I’ve been married to my husband for about 7 years. We have two young kids. Life is hectic, but happy. There’s only one real issue in my marriage: my husband doesn’t think we have enough sex.
I’d say we do it about once a month, sometimes more, sometimes less. I’m fine with that — the amount feels right to me! At the end of the day, I’m craving a new panini press, not a porno session, ya know? My husband, on the other hand, is convinced that most married-with-kids couples are having sex at least twice a week. The truth is, I have no idea what is normal. I have no clue how often my friends f*ck their husbands, and I don’t want to ask.
So instead, I come to you. How much sex should we be having? What is "normal?"
Undersexed But OK With It,
This is such a popular topic. And obviously I’m going to tell you that when it comes to how much sex you should be having, there is no “normal.” That’s not some throwaway line. It’s the truth. I’m sitting court-side to everyone’s real sex lives and there’s an epic range. I’ve also asked all my friends, not only on your behalf but because I’m naturally tacky like that, and there’s no consistent answer. Some couples have sex every two weeks and feel perfectly satisfied; some have sex on Christmas and birthdays and feel absolutely awesome about it.
But let’s dig deeper. Because this is the kind of issue that kind of spills into everything, with diminishing returns, if it goes unresolved for too long. Everyone gets resentful and low-key pissed-off, and sex becomes loaded and weaponized and weird and not enjoyable or organic at all — and I’m ready to close that loop.
First things first. I’m not so interested in your husband’s random sex statistics, but to his point, sure, I know a handful of married-with-kids couples who have sex twice a week, and to put it crudely: they are all crazy f*cking rich. They have nannies. They have housekeepers. They have cooks. They have expensive underwear that is ironed by laundry wizards and black lace bras that are architecturally designed to induce massive erections. Does this make their lives perfect? Hardly. But do they have the time and energy to make love in a bedroom that feels like the Montage Healdsburg in Sonoma County, while their kids are sound asleep in their Roller Rabbit pajama sets, and their dishes are sparkling as if Ms. Meyer herself was the house manager? Yes. Yes they do. So, I say this to your husband: Those couples live on a different planet, honey.
Back to earth! Are you personally happy with your sex life? You say once a month works, but is this the sex pleasurable? I’m going to guess that it’s good-not-great, and you’re comfortable with that, and, honestly, you kinda don’t give a shit. Some (younger and child-free) readers might disagree, but I see no tragedy in any of that. You’re all good.

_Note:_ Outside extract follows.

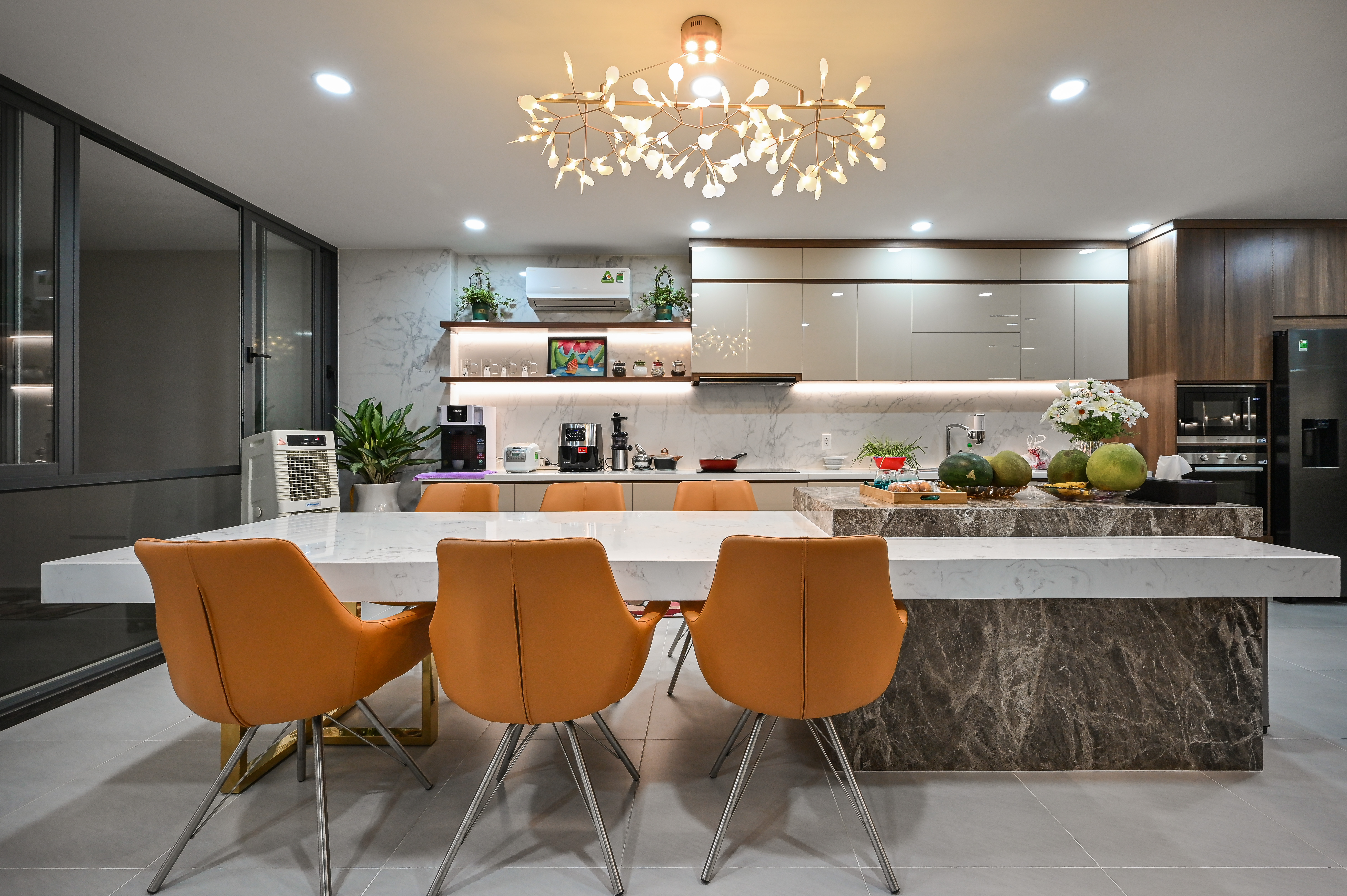 Bước vào khu vực bếp – ăn, cảm giác đầu tiên là sự ấm áp và tiện nghi lan tỏa. Bàn đảo và bàn ăn là điểm nhấn trung tâm, sử dụng mặt đá nhân tạo vân mây trắng, kết hợp chân đỡ kim loại ánh vàng sang trọng – tạo cảm giác hiện đại và tinh tế. Bộ ghế ăn da nệm màu cam đất làm điểm nhấn thị giác, mang đến sắc ấm cân bằng cho tổng thể tông màu trung tính của căn phòng.

However, here’s what I’d like to pitch to help resolve the situation. Try to infuse your marriage with a little more flirtation and a slightly higher sexual vibration just to prevent the inertia of it all. Watch Netflix together while wearing a silky camisole set, instead of a full blown Aviator Nation sweatsuit (orgasmic in a whole other way). And let me reiterate, this advice is all for your sake, not his. Take a moment to kiss, on the lips, when you both come home from work. This one is completely insane but … maybe shave your legs? A beauty publicist sent me this Flamingo set, and I impulsively shaved in the bath for the first time in months, and I felt unusually sexy for days after. It was literally as if Giselle inhabited my dragging Mom Bod. Try a round of Do Tell! Couples Edition – it’s a card game that promises to ignite closeness and intimacy. Little things like this will disrupt his stupid sexless narrative, and create (at the very least) the illusion that you’re still a hot couple – without actually having to clock in sex sessions if you’re simply not DTF.
Don't let your husband’s frustrations turn into anything more than typical manchild whining. Laugh at yourselves. Tell him if he really wants to have sex with you at night, he has to wake up with the kids the next morning, and get it ALL done, while you lay in bed uninterrupted until 8 a.m. (I mean, can you imagine?)
My beautiful and energetic mother-in-law, who is in her mid-70’s, has a philosophy: Don’t let the old lady in. My spin on that is something like: don’t let the sexless frumpster in. Keep the fun alive. Keep the seduction on simmer. And tell him he wants any extra bumping ‘n grinding this month, he best deliver that panini press on Christmas morning. And he can buy me one for Hanukkah, too.